Dainese, 24, who had never previously won a stage in the Giro, beat the Colombian Fernando Gaviria in the dash for the finish. Another Italian Simone Consonni took third.
On the podium, the Italian was treated to the traditional giant bottle of prosecco, like his predecessors.
But significantly, the magnum had been uncorked as a precaution against a repeat of the accident that befell Biniam Girmay on Wednesday when he was injured in the left eye by the cork and subsequently ruled out of the race.
The Spaniard Juan Pedro Lopez (Trek) retained the leader’s pink jersey after a 203-kilometre stage which was relatively comfortable other than the heat and wind.

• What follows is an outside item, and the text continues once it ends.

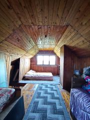 Двухэтажный дачный дом расположен вблизи города, что обеспечивает удобный доступ к инфраструктуре при сохранении преимуществ загородной жизни. Дом выполнен с деревянной внутренней отделкой, создающей уютную атмосферу и экологичный микроклимат. На первом этаже находится просторная гостиная с печью, которая не только обогревает помещение, но и добавляет интерьеру традиционный колорит. Второй этаж отведен под спальные зоны, обеспечивая приватность. Дополнительным преимуществом является большой погреб, идеально подходящий для хранения урожая и домашних заготовок.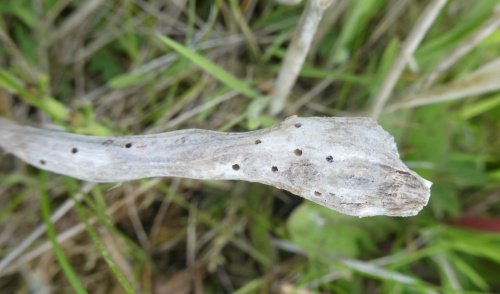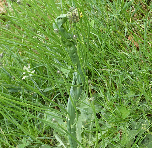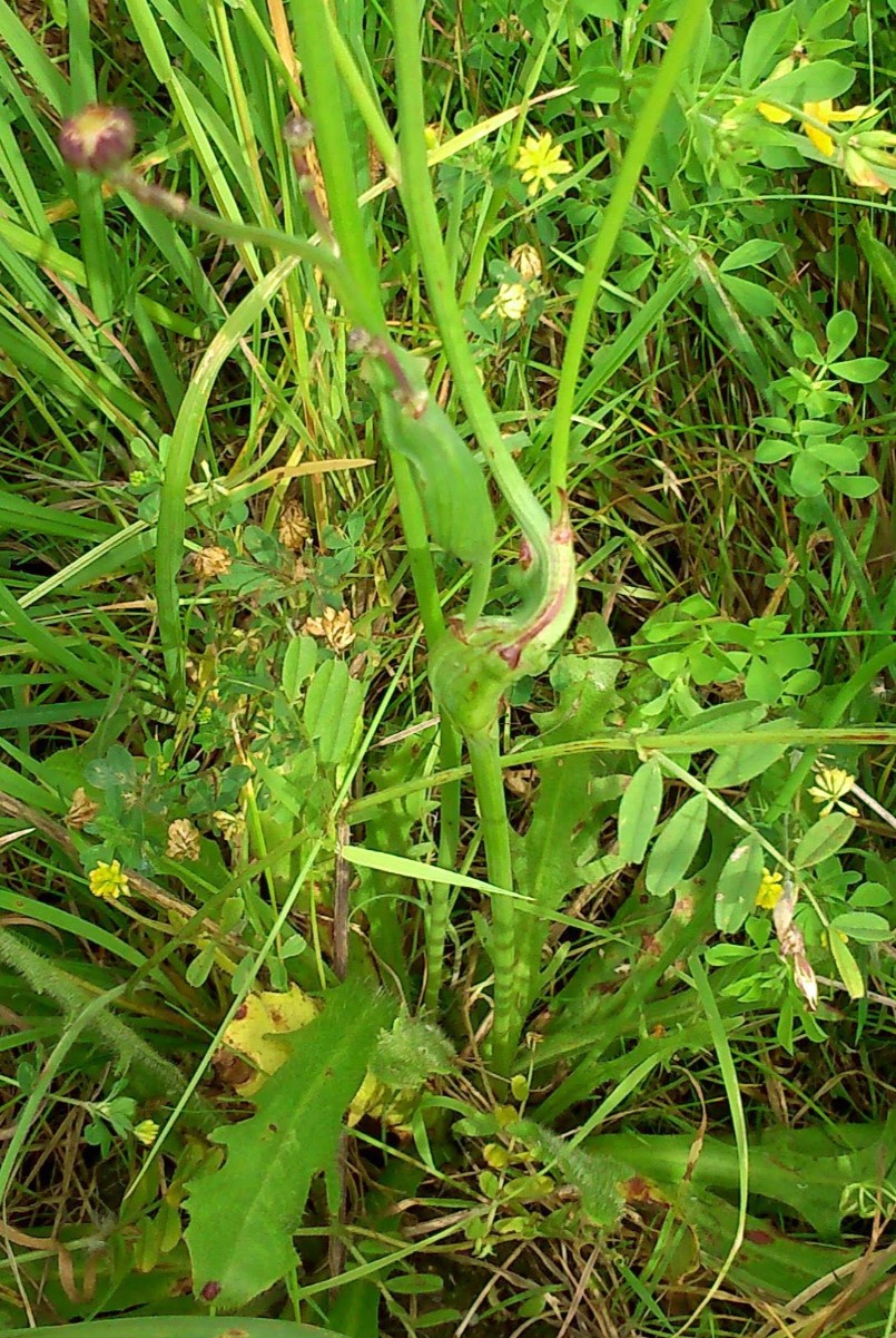 The cynipid wasp Phanacis hypochoeridis causes galls to form in Cat's-ear (Hypochaeris radicata). This takes the form of an elongated swelling, usually in the main stem of the plant, but sometimes in the flower stalk or petiole, succulent at first, later hard often wrinkled inside – up to 50 chambers, each with a yellowish-white larva.

Ecuadorian Richard Carapaz, however, pocketed three bonus seconds in an intermediate sprint to climb two places into second, equal in time with the Portuguese Joao Almeida, 12 seconds behind Lopez.
“I saw Carapaz gained some time in an intermediate sprint but I’m not as fast as him. There was nothing I could do,” said Lopez who has been leading since the fourth stage.
“Anyway, I’m very happy to keep the pink jersey for at least one more day.”
Eritrean Girmay, who on Tuesday became the first black African to win a stage at the Giro, pulled out before the start following Tuesday’s cork accident.
Intermarche’s team doctor Piet Daneels said tests showed “haemorrhage in the anterior chamber of the left eye”.
With temperatures hitting 30 degrees, the peloton largely stuck together apart from one wishful breakaway by Luca Rastelli and Filippo Tagliani which was reeled in just after halfway.
Belgian Dries De Bondt embarked on a solo raid 58 kilometres from the finish, which ended just 1,300 meters from the line.
In the sprint, French rider Arnaud Demare, who already has two stage wins to his name in this Giro, attacked from deep.
He was hunted down by Gaviria before Dainese, taking full advantage of the slipstream, came through to take the third victory of his career.
Last year, he finished second in a Vuelta stage, behind Dutchman Fabio Jakobsen.
The peloton faces its longest day in the saddle on Thursday with a mountainous 12th stage of 204 kilometres which crosses the Apennines from Parma to Genoa.